--- DATA FOR REVIEW Enclosed Below ---
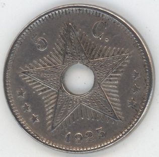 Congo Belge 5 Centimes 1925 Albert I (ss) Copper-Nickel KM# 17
--- End of Enclosed DATA FOR REVIEW ---
--- DATA FOR REVIEW Enclosed Below ---
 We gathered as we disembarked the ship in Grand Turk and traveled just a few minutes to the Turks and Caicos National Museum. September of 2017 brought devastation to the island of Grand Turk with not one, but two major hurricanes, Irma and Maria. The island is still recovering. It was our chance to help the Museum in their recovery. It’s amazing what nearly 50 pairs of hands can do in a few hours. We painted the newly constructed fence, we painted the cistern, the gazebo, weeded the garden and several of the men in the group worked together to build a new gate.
--- End of Enclosed DATA FOR REVIEW ---
--- DATA FOR REVIEW Enclosed Below ---
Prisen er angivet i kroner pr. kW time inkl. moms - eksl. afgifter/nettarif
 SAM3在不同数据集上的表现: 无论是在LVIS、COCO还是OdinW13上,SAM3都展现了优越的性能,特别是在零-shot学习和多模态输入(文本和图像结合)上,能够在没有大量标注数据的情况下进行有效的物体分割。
--- End of Enclosed DATA FOR REVIEW ---
[TASK TO COMPLETE]
Start with the line above that contains "Prisen er angivet" and end with the line that contains "SAM3在不同数据集上的表现". Write out those lines exactly, and only those.

[THE COMPLETED TASK]
Prisen er angivet i kroner pr. kW time inkl. moms - eksl. afgifter/nettarif
 SAM3在不同数据集上的表现: 无论是在LVIS、COCO还是OdinW13上,SAM3都展现了优越的性能,特别是在零-shot学习和多模态输入(文本和图像结合)上,能够在没有大量标注数据的情况下进行有效的物体分割。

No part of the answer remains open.